Wer trägt die Kosten für die Behandlungspflege?

Die Kosten der Behandlungspflege für befristete und kurze Zeiträume werden von der Krankenkasse übernommen. Unbefristete oder längere Inanspruchnahme fällt in die Zuständigkeit der Pflegekasse.

Hinzu kommt, dass Patienten über 18 Jahre fallabhängig eine Zuzahlung leisten müssen. Die Abrechnung prozentual und täglich. Dabei entspricht die Zuzahlung 10 Prozent der Kosten, jedoch nicht mehr als 10 Euro pro Tag. Zusätzlich gibt es eine Höchstgrenze. Diese schützt Menschen mit einem hohen Pflegebedarf. Die Grenze liegt bei einem Prozent des jährlichen Bruttoeinkommens. Erreichen die Ausgaben für Pflegemittel, -maßnahmen, Behandlungen, Medikamente und sonstige Leistungen der Kranken- und Pflegekasse ein Prozent des Bruttoeinkommens, kann eine Befreiung von der Zuzahlung erfolgen. Hierfür ist ein Antrag bei der Krankenkasse nötig.

Behandlungspflege – Weiterbildung in Anspruch nehmen

Da die Leistungen der Behandlungspflege nur von examinierten Pflegekräften durchgeführt werden dürfen, aber oftmals nötig und nachgefragt sind, empfiehlt sich das Erwerben der entsprechenden Qualifikation. Dies ist auch Pflegehelfern möglich, die über mindestens zwei Jahre Berufserfahrung verfügen.
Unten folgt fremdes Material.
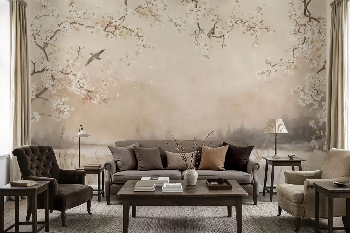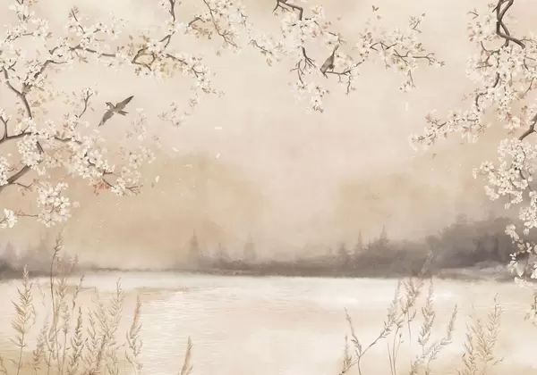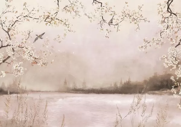 Тапете за зид Нежне цветне гране поред језера са птицама у лаганој магли бр. w05155

Die Berechtigung zur Behandlungspflege kann beruflich neue Möglichkeiten eröffnen, da sie in zahlreichen Bereichen erforderlich ist und sowohl in der ambulanten als auch in der stationären Pflege eine Rolle spielt. Sie erweitert das Feld der Möglichkeiten in der Versorgung, vergrößert die Kompetenz und damit gleichermaßen das Verdienstpotenzial und die Einsatzfähigkeit. Für Pflegedienste ist es ratsam, allen Mitarbeitern eine entsprechende Weiterbildung zu ermöglichen und damit die Versorgung einfacher zu gestalten.
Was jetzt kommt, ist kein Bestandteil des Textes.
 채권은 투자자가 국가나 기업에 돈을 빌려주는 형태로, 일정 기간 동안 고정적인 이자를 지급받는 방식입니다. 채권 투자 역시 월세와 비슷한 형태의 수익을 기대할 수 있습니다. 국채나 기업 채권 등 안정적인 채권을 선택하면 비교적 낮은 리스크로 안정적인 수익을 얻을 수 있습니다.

Von der ärztlichen Verschreibung über nötige Anträge bis hin zu der Kostenübernahme ist das Wissen zur Behandlungspflege nicht auf die bloßen Maßnahmen der Versorgung begrenzt. Patienten und Angehörige über erforderliche Schritte aufzuklären, stellt die mögliche Unterstützung sicher und verhindert vermeidbare Komplikationen, Verschlimmerungen und Folgeschäden.